Taking the line with "Le porte attestation" as the first and the line with "Όταν όμως μπαίνει" as the last, set down exactly every line in that range from the entries below, and no more.

#### [PROVIDED MATERIAL]
##############################
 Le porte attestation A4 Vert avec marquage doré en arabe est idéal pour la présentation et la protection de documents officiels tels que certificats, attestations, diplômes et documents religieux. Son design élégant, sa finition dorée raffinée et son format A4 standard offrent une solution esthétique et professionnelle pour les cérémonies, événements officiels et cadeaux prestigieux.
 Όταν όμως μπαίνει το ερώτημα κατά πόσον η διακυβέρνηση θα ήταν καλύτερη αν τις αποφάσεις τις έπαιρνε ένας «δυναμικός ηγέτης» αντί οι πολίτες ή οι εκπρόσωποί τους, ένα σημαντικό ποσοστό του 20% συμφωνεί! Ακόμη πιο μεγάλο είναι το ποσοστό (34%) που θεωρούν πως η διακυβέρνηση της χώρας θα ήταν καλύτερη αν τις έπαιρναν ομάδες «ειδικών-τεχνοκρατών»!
##############################
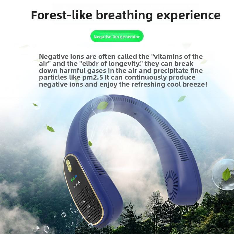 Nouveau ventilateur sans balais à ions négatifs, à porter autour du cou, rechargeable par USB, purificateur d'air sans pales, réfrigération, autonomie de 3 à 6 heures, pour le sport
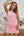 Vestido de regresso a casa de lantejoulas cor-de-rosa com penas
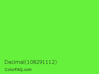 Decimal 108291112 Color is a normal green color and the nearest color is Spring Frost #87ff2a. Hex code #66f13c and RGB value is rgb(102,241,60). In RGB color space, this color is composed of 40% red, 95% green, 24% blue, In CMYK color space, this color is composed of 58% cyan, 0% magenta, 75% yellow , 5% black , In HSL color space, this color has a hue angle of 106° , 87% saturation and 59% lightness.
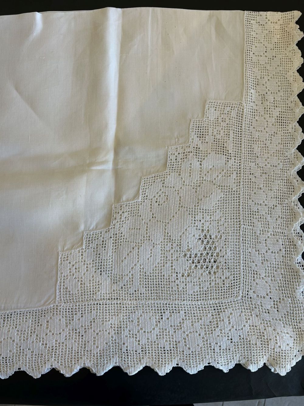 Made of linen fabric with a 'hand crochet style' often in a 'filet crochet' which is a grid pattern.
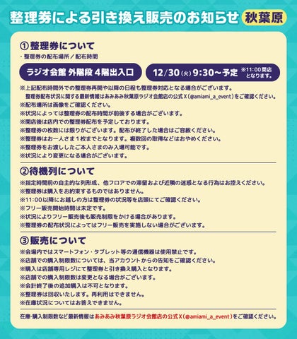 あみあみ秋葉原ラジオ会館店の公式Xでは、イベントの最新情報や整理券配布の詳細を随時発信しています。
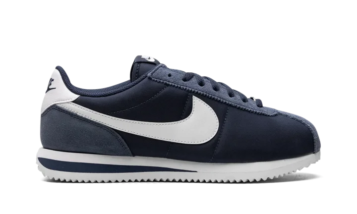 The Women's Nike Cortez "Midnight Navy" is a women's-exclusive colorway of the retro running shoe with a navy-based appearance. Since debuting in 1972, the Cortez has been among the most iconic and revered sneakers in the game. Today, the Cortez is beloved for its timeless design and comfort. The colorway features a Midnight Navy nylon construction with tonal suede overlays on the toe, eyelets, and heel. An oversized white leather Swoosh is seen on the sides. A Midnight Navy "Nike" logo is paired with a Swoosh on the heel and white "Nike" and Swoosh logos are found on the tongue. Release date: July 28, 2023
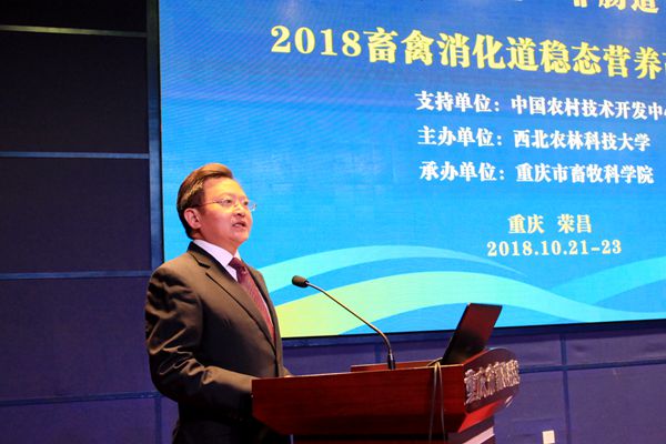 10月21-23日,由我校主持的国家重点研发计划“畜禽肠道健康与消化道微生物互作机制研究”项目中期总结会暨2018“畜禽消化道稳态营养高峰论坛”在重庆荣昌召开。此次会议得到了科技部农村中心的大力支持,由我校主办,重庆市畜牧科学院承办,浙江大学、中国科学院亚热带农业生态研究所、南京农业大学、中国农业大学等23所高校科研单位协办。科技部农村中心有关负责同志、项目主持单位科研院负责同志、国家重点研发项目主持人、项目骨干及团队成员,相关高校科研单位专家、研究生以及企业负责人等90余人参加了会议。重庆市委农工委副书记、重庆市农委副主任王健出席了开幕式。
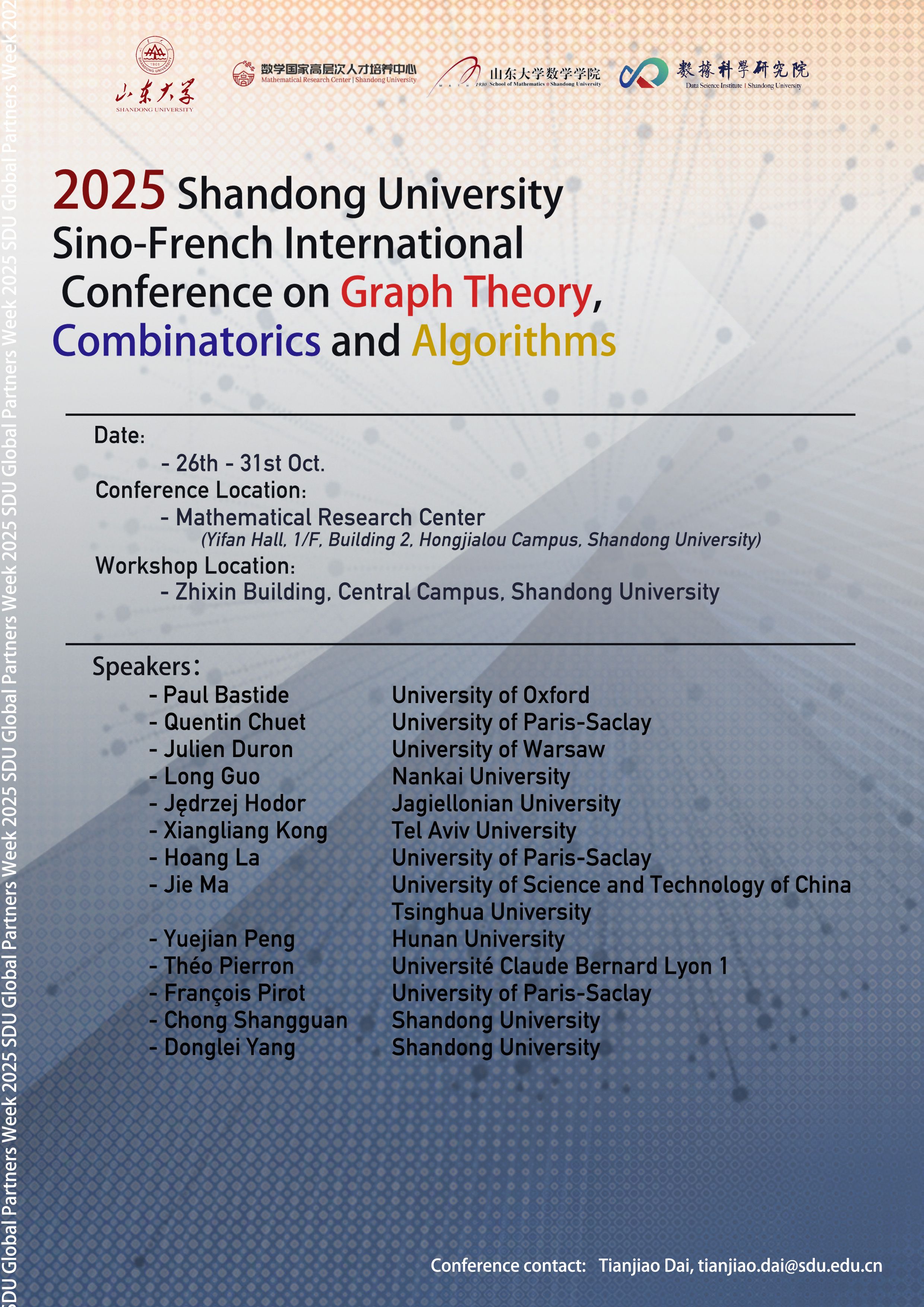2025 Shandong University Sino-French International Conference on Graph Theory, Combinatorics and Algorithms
##############################
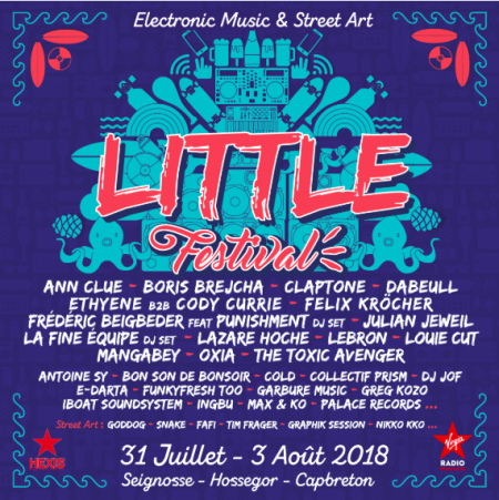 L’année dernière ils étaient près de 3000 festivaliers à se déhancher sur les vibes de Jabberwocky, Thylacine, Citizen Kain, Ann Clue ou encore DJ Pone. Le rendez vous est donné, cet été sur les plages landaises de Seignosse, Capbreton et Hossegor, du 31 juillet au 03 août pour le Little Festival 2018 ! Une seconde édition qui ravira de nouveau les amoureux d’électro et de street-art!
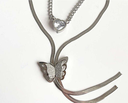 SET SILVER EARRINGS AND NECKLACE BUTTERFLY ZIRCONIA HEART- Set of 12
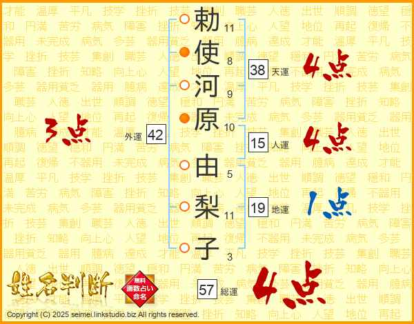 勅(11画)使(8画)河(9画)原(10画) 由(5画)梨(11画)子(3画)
##############################
#### [OUTPUT OF THE TASK]
 Le porte attestation A4 Vert avec marquage doré en arabe est idéal pour la présentation et la protection de documents officiels tels que certificats, attestations, diplômes et documents religieux. Son design élégant, sa finition dorée raffinée et son format A4 standard offrent une solution esthétique et professionnelle pour les cérémonies, événements officiels et cadeaux prestigieux.
 Όταν όμως μπαίνει το ερώτημα κατά πόσον η διακυβέρνηση θα ήταν καλύτερη αν τις αποφάσεις τις έπαιρνε ένας «δυναμικός ηγέτης» αντί οι πολίτες ή οι εκπρόσωποί τους, ένα σημαντικό ποσοστό του 20% συμφωνεί! Ακόμη πιο μεγάλο είναι το ποσοστό (34%) που θεωρούν πως η διακυβέρνηση της χώρας θα ήταν καλύτερη αν τις έπαιρναν ομάδες «ειδικών-τεχνοκρατών»!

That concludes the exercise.